POORLY-maintained local roads and pavements and the long delays in repairing them have prompted a highways panel to reject the repairs programme for the next five years. Herts Highways came under fire at a joint highways member panel meeting in St Albans

POORLY-maintained local roads and pavements and the long delays in repairing them have prompted a highways panel to reject the repairs programme for the next five years.

Herts Highways came under fire at a joint highways member panel meeting in St Albans in which both plans and performance were criticised.

The committee also took the unusual step of supporting a Lib-Dem motion expressing grave concern at the proposed highway repair programme for the next five years.

It has effectively set St Albans councillors on a collision course with Herts Highways over the future of the local works programme.

Members of the committee particularly criticised the "asset management" system - the means by which Herts Highways works out which repairs to carry out first - which appeared to show that there were a third more road repair scheme in South West Harpenden than in central St Albans and four times as many in the Sandridge division.

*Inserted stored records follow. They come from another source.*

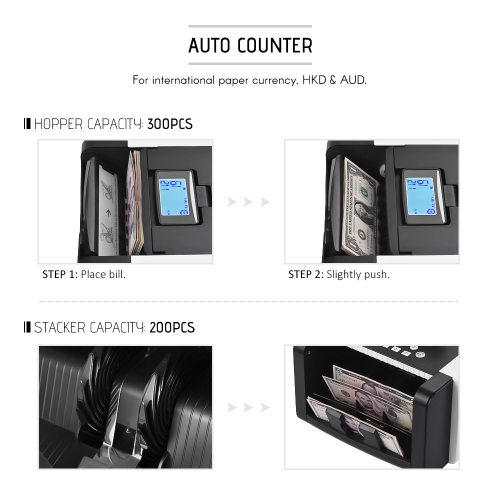 Cancountalmostall papercurrency,andforplasticcurrency,itisjustsuitableforHKDAUD;Countquantityonly,cannotdetectcurrencyvalue.
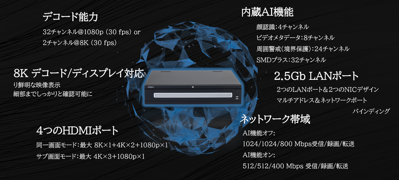 多数なAI機能内蔵し、8K映像対応する強力なNVRでパフォーマンスを向上させる
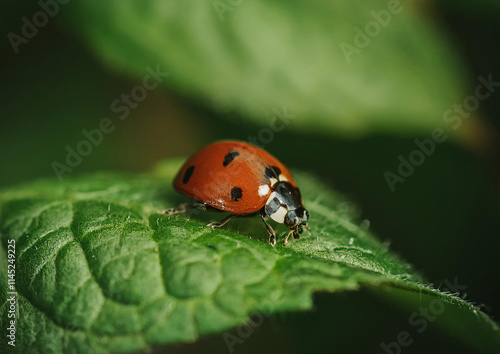 © Davide, Fototapeta premium Mariquita encima de hojas verdes naturaleza
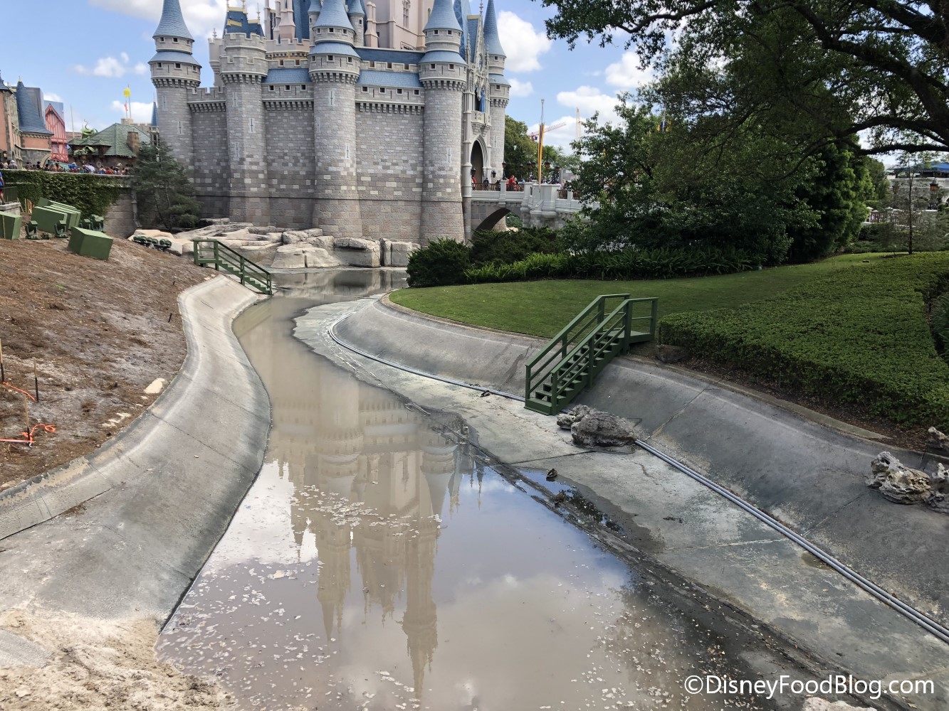The moat around Cinderella Castle is still empty as the project to widen the pathway from Liberty Square to Fantasyland gets underway.
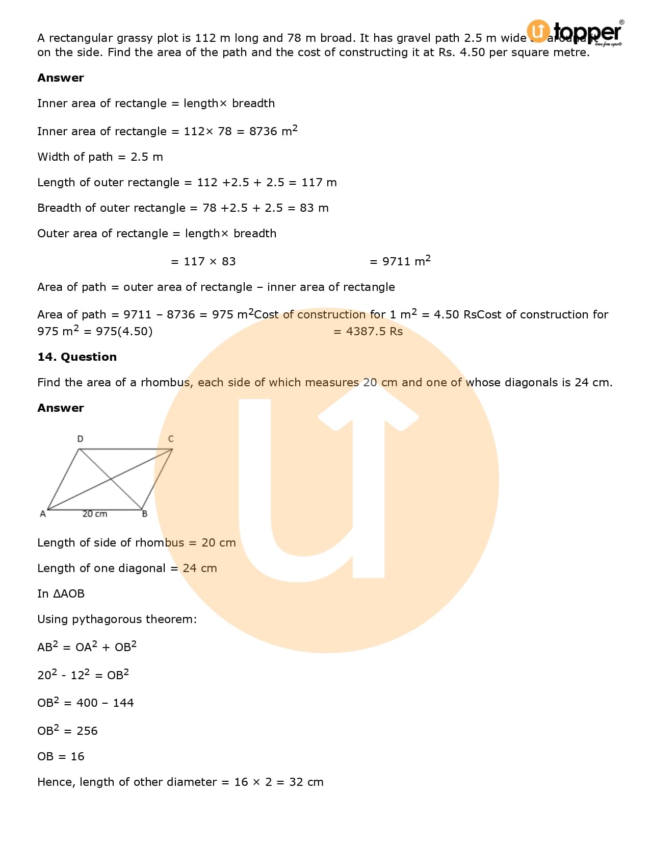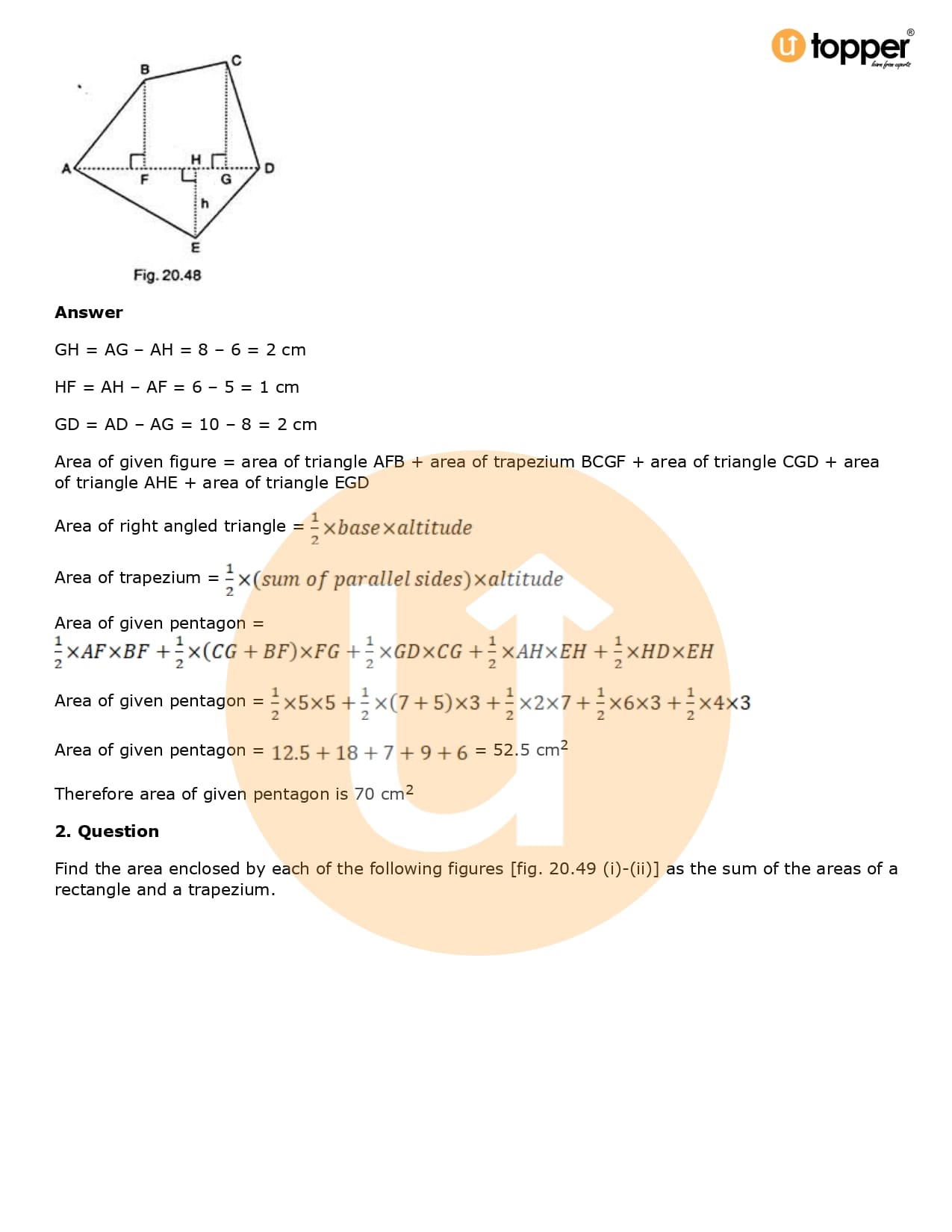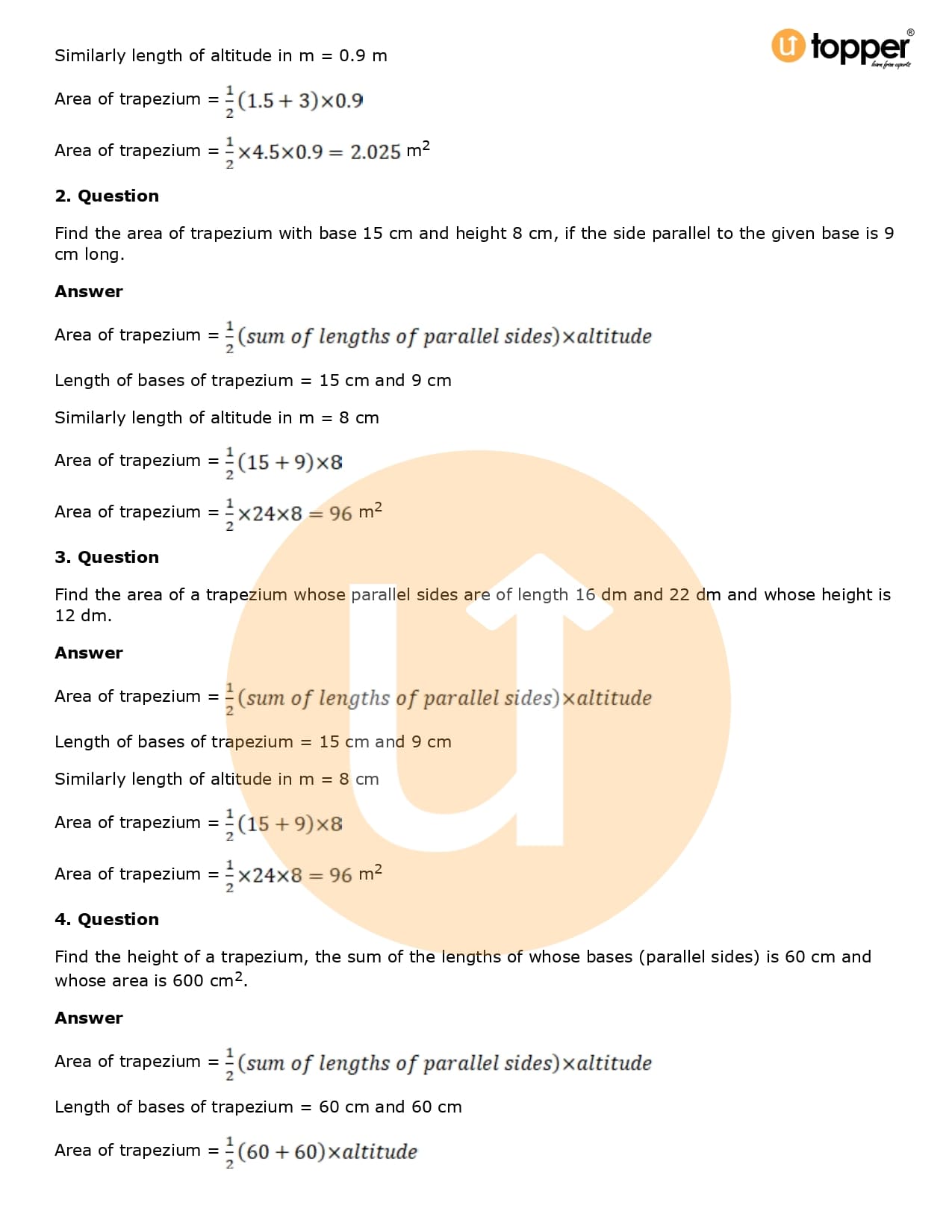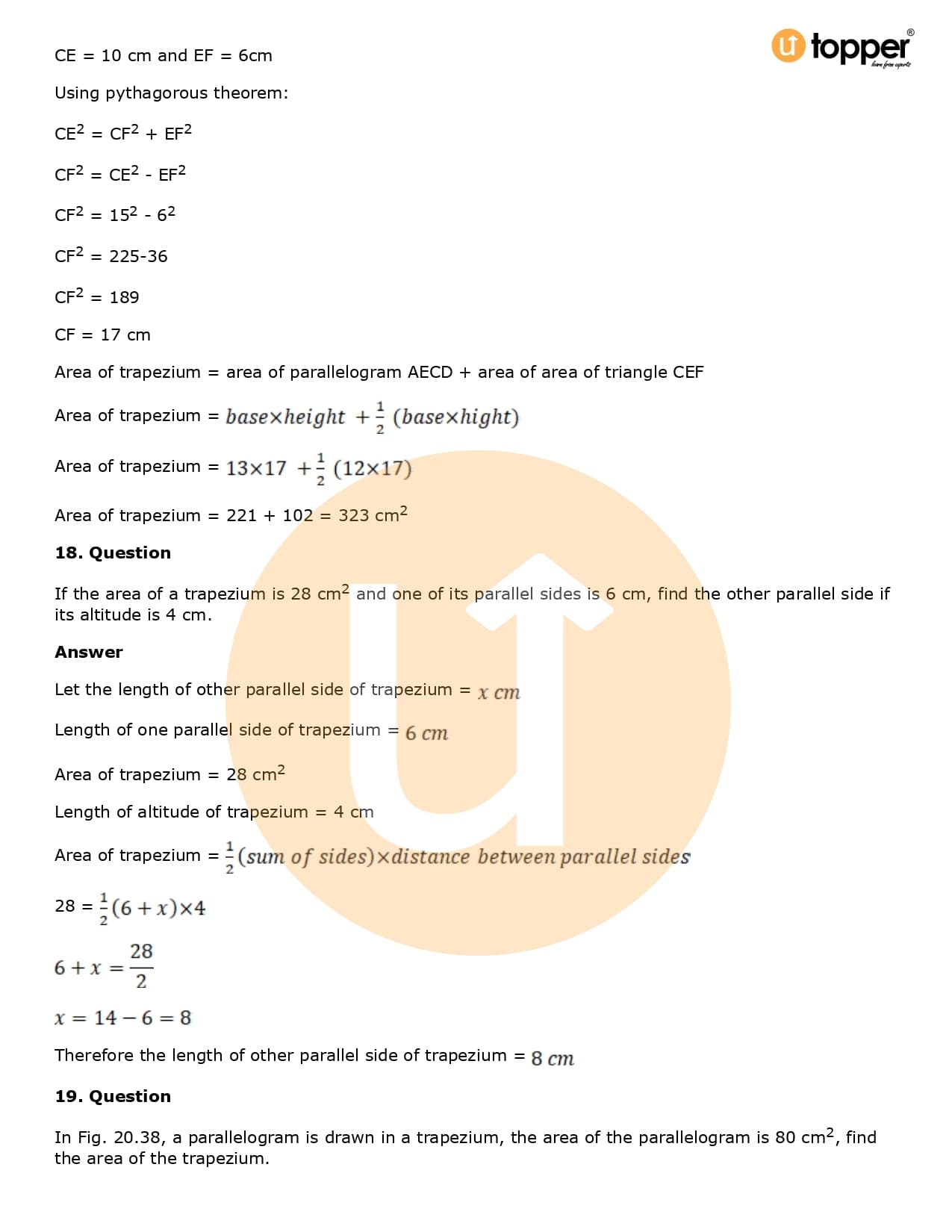 Download the latest version of RD Sharma Solutions for Class 8 Maths Chapter 20 Mensuration I (Area of a Trapezium and a Polygon) PDF at Utopper. It provides step by step Solution PDF. You can download RD Sharma Maths Solutions with a free PDF download option, which includes chapter wise solutions. All the questions in RD Sharma Solutions have been solved and explained by expert mathematics teachers as per the CBSE Board guidelines. By studying these Maths Solutions, you can easily get good marks in the CBSE board exams.

County and district Cllr Chris White said that in his St Albans division, roads already turning to gravel were scheduled for repairs in 2012 or even 2015. Some roads, clearly buckling or subsiding, were scheduled merely for "thin surface dressing" despite repeated representations made by local councillors.

St Albans Lib Dem prospective parliamentary candidate, Sandy Walkington, was at the meeting to present the results from his road and pavement dossier which emerged from the two and a half thousand responses to a survey he carried out earlier this year.

Nearly 86 per cent of those who responded had expressed dissatisfaction with the condition of roads and pavements with 55 per cent very dissatisfied.

He said that apart from the obvious implications to cyclists, mobility scooter users, people in wheelchairs and mothers with prams or buggies, elderly people in particular felt trapped in their homes for fear of falling and 29 per cent of respondents had fallen and suffered quite serious injuries.

A spokesperson for Herts Highways said that there were 10 highways joint member panels in the county, one for each district, and they were all consulted twice a year about the future works programme.

She went on: "While we endeavour to take the panels' views and aspirations into account, it is not always possible to include everything that the panel would like to see done within the programme because we have to keep within our budget."

She said that the concern raised by the panel about the proposed works in the five-year programme would be investigated.